Re: Bad drive discovered during raid5 reshape

Neil Brown <neilb@xxxxxxx> · Tue, 30 Oct 2007 17:29:15 +1100

On Monday October 29, kstuart@xxxxxxxxx wrote:
> Hi,
> I bought two new hard drives to expand my raid array today and
> unfortunately one of them appears to be bad. The problem didn't arise
> until after I attempted to grow the raid array. I was trying to expand
> the array from 6 to 8 drives. I added both drives using mdadm --add
> /dev/md1 /dev/sdb1 which completed, then mdadm --add /dev/md1 /dev/sdc1
> which also completed. I then ran mdadm --grow /dev/md1 --raid-devices=8.
> It passed the critical section, then began the grow process.
> 
> After a few minutes I started to hear unusual sounds from within the
> case. Fearing the worst I tried to cat /proc/mdstat which resulted in no
> output so I checked dmesg which showed that /dev/sdb1 was not working
> correctly. After several minutes dmesg indicated that mdadm gave up and
> the grow process stopped. After googling around I tried the solutions
> that seemed most likely to work, including removing the new drives with
> mdadm --remove --force /dev/md1 /dev/sd[bc]1 and rebooting after which I
> ran mdadm -Af /dev/md1. The grow process restarted then failed almost
> immediately. Trying to mount the drive gives me a reiserfs replay
> failure and suggests running fsck.
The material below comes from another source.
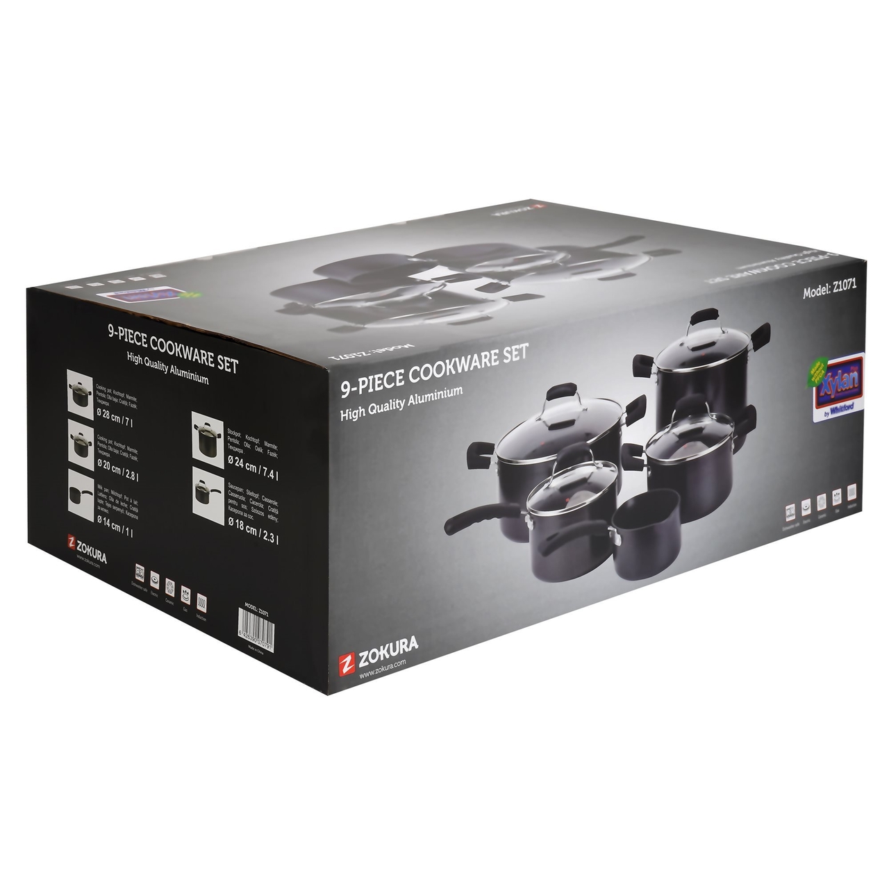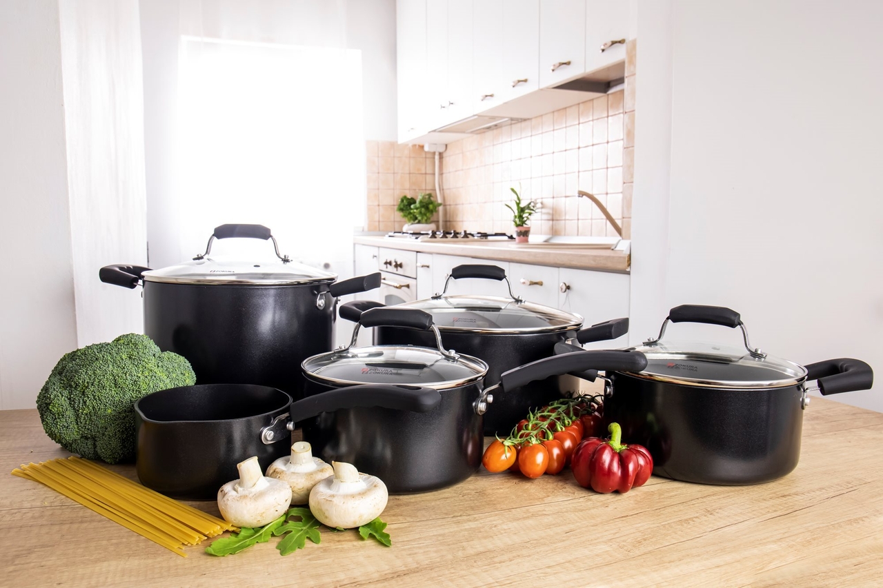 Toate vasele sunt fabricate din aluminiu presat, cu strat antiaderent Xylan Plus.

I don't dare fsck the array since
> I've already messed it up so badly. Is there any way to go back to the
> original working 6 disc configuration with minimal data loss? Here's
> where I'm at right now, please let me know if I need to include any
> additional information.

Looks like you are in real trouble.  Both the drives seem bad in some
way.  If it was just sdc that was failing it would have picked up
after the "-Af", but when it tried, sdb gave errors.

Have two failed devices in a RAID5 is not good!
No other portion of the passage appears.